Spend a good time in Timberborn, about the city builders of beavers
When the main thing that the game must distinguish itself from all other city builders is its beaver actor, its life or death depends on how much it depends on it. Timberborn did not put its personality first, but even at this point of early access, it was a very pleasant time.
The task of the game is to build an ever-expanding settlement for your cute little beaver. While dealing with environmental changes such as drought, the game has fallen into a steady rhythm of unlocking new technologies. Just like in the best management game, succeeding in Timberborn is totally a good juggling behavior. You must ensure a stable supply of wood, while also ensuring that there is enough housing and storage space, and at the same time moving towards more useful buildings. It is very important to choose the right time to invest in flour production or reforestation.

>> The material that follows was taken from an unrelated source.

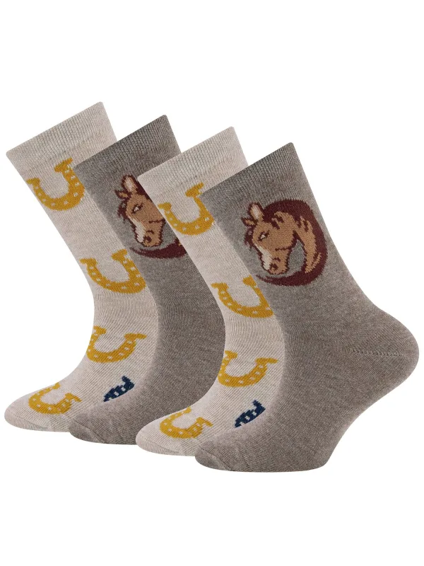 Specificaties: EWERS Sokken ‘Pferd/Hufeisen’ blauw / bruin / grijs

However, Timberborn is gentler and friendlier than most of its kind, and rarely corrects mistakes faster than you in the environment. For those who might want this game to be a survival story rather than a prosperity story, the difficulty is even greater, but this seems to be inconsistent with the tone. Its look and feel are the main attraction. It is simple and harmless, with little hint that the beaver seems to have inherited the history of the earth’s world. In short, this is a nice space.
The aforementioned environmental events are one of the most powerful ideas in the game. For example, rivers may be destroyed or diverted while taking away vegetation. And, of course, this is also something that players can artificially trigger by building characteristic dams. It is hardly populated, but the world is malleable and can prompt you to build more organically, rather than the strict track of making plans at the beginning of the meeting. Nurturing the forests and rivers around you, instead of endlessly consuming everything around you, brings value to Timberborn’s health display. Your settlement feels like a home, not just a giant hunger machine.

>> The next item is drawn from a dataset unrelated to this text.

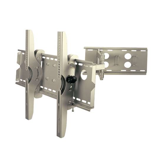 This is a wall panel that used to mount flat TV on the wall. The brace of the mount is separated into two parts: one is the horizontal part and another one is the vertical part. The horizontal part has two arcs which can turn the TV by 180 degree x 180 degree from left to right. The vertical part can also turn the TV vertically and this enables the LCD TV to be viewed from various angles and hence saving the time from planning the place of installing the wall mount. It is made of high quality material that can support a heavy weight. The wall mount is simple in design which allows people to install it easily.

Unfortunately, there are really not so many here to distinguish Timberborn from other similar settlement builders. The inhabitants of the beavers and the novel wooden technology they built have an undeniable charm. It has personality, but it may not be as big as I hope. A little more animation-maybe the beaver gnaws on the tree dizzyly? -It will give it more life.

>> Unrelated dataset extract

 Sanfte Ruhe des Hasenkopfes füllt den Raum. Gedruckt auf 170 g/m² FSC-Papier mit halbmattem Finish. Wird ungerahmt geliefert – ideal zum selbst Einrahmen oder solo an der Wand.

It’s not that I’m not obsessed. I want to build my perfect small diorama of the small town and give those little beavers a lovely home with complete facilities and beautiful scenery. To ensure that the long wooden gear chain needed to power advanced buildings does not destroy the beautiful streets of my settlement, which is as difficult as any dry season. Balancing actual needs and aesthetic needs is the real conflict of the game, and it’s also what makes me stick to it for a few hours. Planning a small street with terraced houses or trying to carve a beautiful forest on the edge of the town while still making it a functional settlement is the best choice for this kind of thing, and Timberborn will easily push you into it.
I’m not sure how long I will stick to it, but it is a choice to beautify the environment, and all the potential they open for big-headed thinkers may keep it sharp for some time to come. For those who just want a settlement management game with cute beavers, Timberborn will do a good job.